As in the case handled by MacDonald, court records show that the issue boiled down to the accuracy of medical records and LSI’s billing for them, including some of the same medical providers from in the earlier case.

Theall tells The IND she also referenced one former LSI physician who confirmed in court testimony that he went to the U.S. Attorney and the FBI about unauthorized use of his electronic signature by LSI. In another 2013 sworn affidavit, a different physician declared that he “did not personally see the patient. I did not personally provide any medical treatment or services to the patient. Further, I did not provide any opinions to help treat the patient.”

In a telephone interview, Theall says that testimony puts Candyce Perret, who served of counsel at LSI, at the center of an operation Theall believes undermines public confidence in the legal profession.

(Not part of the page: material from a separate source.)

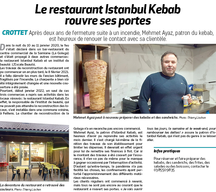 Le restaurant Istanbul Kebab rouvre ses portes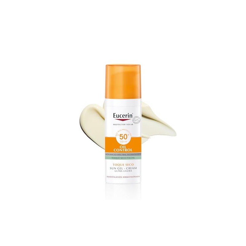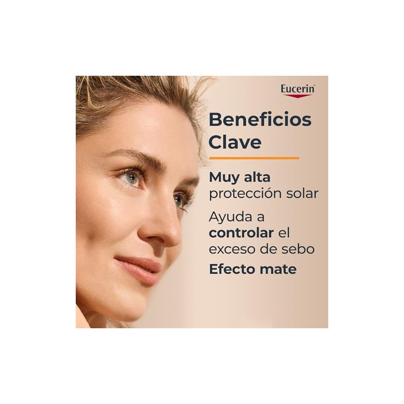 Eucerin Protector solar facial efecto mate toque seco Oil Control 50 ml, matificante control brillo 12h con antioxidantes

Theall says she only got into the race after 15th Judicial District Court Judge John Trahan decided not to run. She says that’s when she started hearing more about LSI’s questionable medical billing. LSI is still operating at 501 W. St. Mary Blvd.

In her campaign literature, Candyce Perret says she is general counsel and co-owner, along with her husband, of The Perret Group, which specializes in real estate, health care and oil and gas. In response the Theall’s remarks, she issued the following statement to The IND:
I’m glad to respond to questions anyone has about my husband’s company, including the facts of these cases that originated before I came on board. I’m disappointed any candidate would lead with attacks before even qualifying as a candidate, and I hope this is not the kind of campaign we can expect. Our voters deserve better. I intend to run on my qualifications as an attorney with diverse legal experience, small business owner and former city prosecutor with backing from law enforcement.
Vanessa Anseman’s LinkedIn profile describes her as a “Full Time Mother, Community Volunteer and Attorney.” She’s also been a yoga instructor at River Ranch’s City Club since 2012. The sometime attorney’s entry in the race (she lists her most recent legal employment as a seven-year stint at Liskow & Lewis that ended in 2013) came late Friday afternoon and is fraught with potential intrigue.

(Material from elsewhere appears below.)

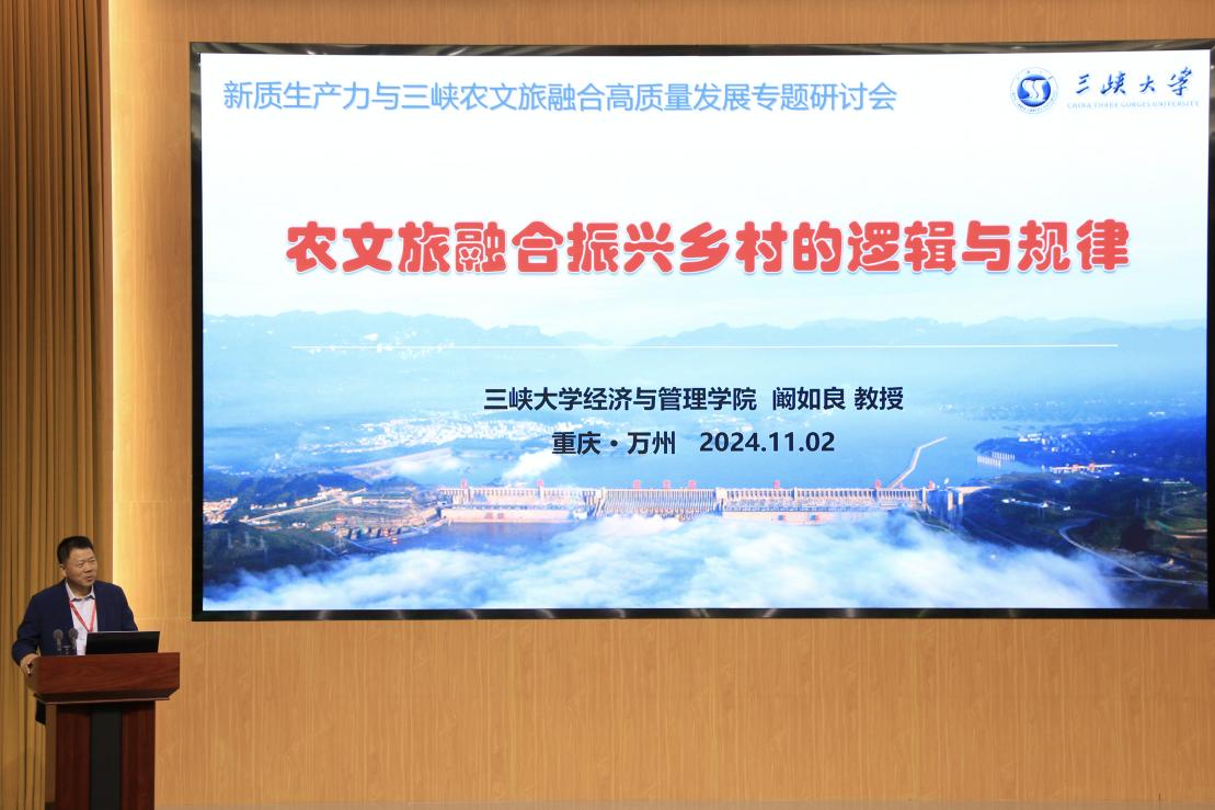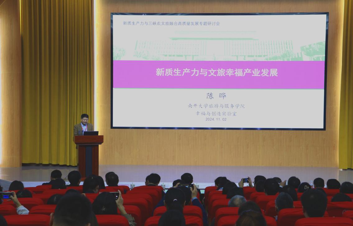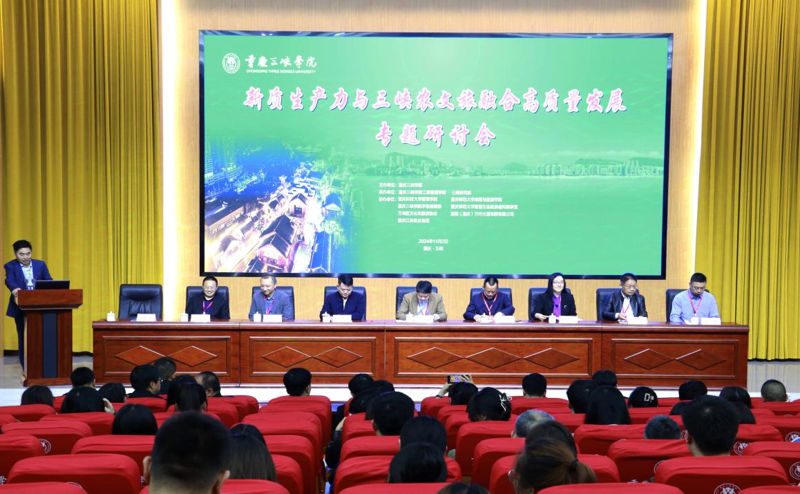 11月2日,新质生产力与三峡农文旅融合高质量发展专题研讨会在我校隆重举行。南开大学旅游与服务学院副院长、全国MTA教指委秘书长陈晔,长江学者特聘教授、全国MTA教指委委员孙九霞,华侨大学旅游学院院长、全国MTA教指委委员谢朝武,三峡大学经济与管理学院教授、全国模范教师阚如良出席研讨会并发表主旨演讲。中山大学、南开大学、四川大学、暨南大学、华侨大学、中国矿业大学、海南大学、吉首大学、山西大同大学及部分重庆高校的专家学者,重庆市万州区文化和旅游发展委员会党委书记、主任黄方国,学校党委常委、副校长郭作飞等出席了研讨会。44118太阳成tyc城集团院长颜帮全主持大会。44118太阳成tyc城集团及与会高校师生代表等200余人参加了会议。

Her husband, Norman "Skeet" Anseman III, is a partner in Jones Walker’s Lafayette office, which is headed by Ian MacDonald. Jones Walker started making a bigger name for itself in the Lafayette market in 2008 when it merged with Perret Doise, a law firm originally co-founded by Hank Perret, Candyce Perret’s father-in-law. (Perret had left the firm about two years before the merger, and it had been renamed Longman Russo).

In case you’re not yet convinced just how ugly this race is going to be (and not to bury what could very well have been the lede of this story), local political consultant Joe Castille is working for the Anseman campaign.